Dengan tersenjum dia mendekat tempat pembajaran.
„Kami disekat hudjan keparat ini! Apa bisa mengambil uang sekarang?”
„Sajang tuan ! Tetapi, ah, mari saja tolong! Hendak mengambil tabungan?”
Orang itu mengangguk.
„Tjoba mari lihat kartunja untuk mentjotjokkan !”
„O, ja!” sahut orang itu tersenjum. Dan merogoh sakunja.
Muntjul dari sakunja itu pistol otomatik jang hitam kebiru-biruan. Serentak dengan ini keempat kawannja tadi mengangkat browningnja, masing² ditudjukan pada tiap kassier jang ada disitu.
Seorang djamu jang duduk disudut menanti hudjan terang telah pula ikut ditodong.
„Oké, Komraden, dorong mereka kedinding!” perintah orang bermantel.
Topinja ditarik dalam-dalam.
„Siapa jang melawan, tembak !”
Dan orang itu mendorong pegawai bank jang hadir disitu beserta djamu jang duduk disudut, semuanja dimasukkan kedalam kluis besar.
950.000 rupiah hilang bersama hilangnja mobil biru didalam hudjan lebat. Tak ada orang tahu dan memperhatikan, karena hudjan jang masih lebat itu.
⁂
Begitulah laporan pada polisi jang saja dengar dari Inspektur Hartojo ketika saja ikut hadir dikantor polisi.

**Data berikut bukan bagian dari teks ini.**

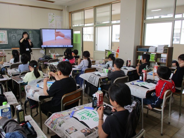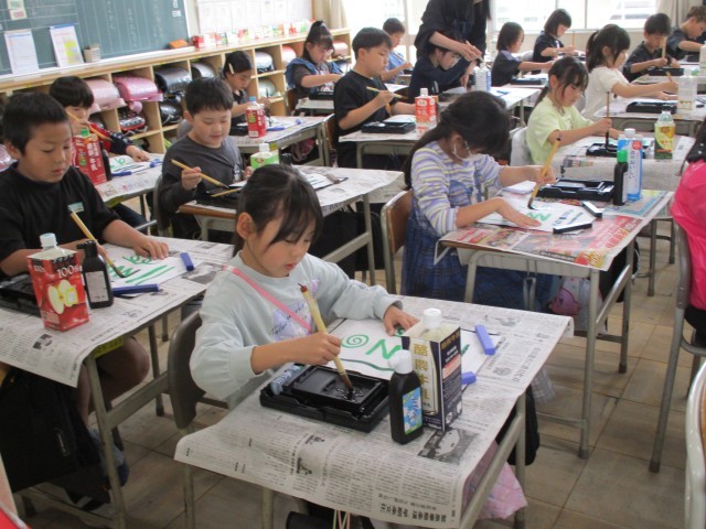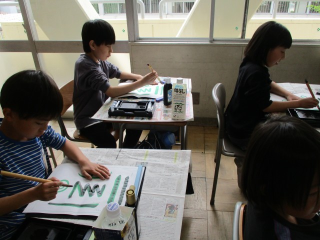 筆の持ち方を確かめてから、さっそく墨をつけて線を引いてみました。

Hal perampokan itu merata sudah pada harian-harian. Lengkap laporan mereka, tetapi djedjak² kemana perampok² itu lari tak seorangpun tahu.
Kassier² serta djamu itu ditanjai sebagai saksi. Jang hanja sanggup dianggap sebagai saksi, ialah kalau perampok-perampok itu sudah tertangkap tangan!
Kapan tertangkap?
Hal inilah jang penting. Tertangkap dulu, baru dibuktikan.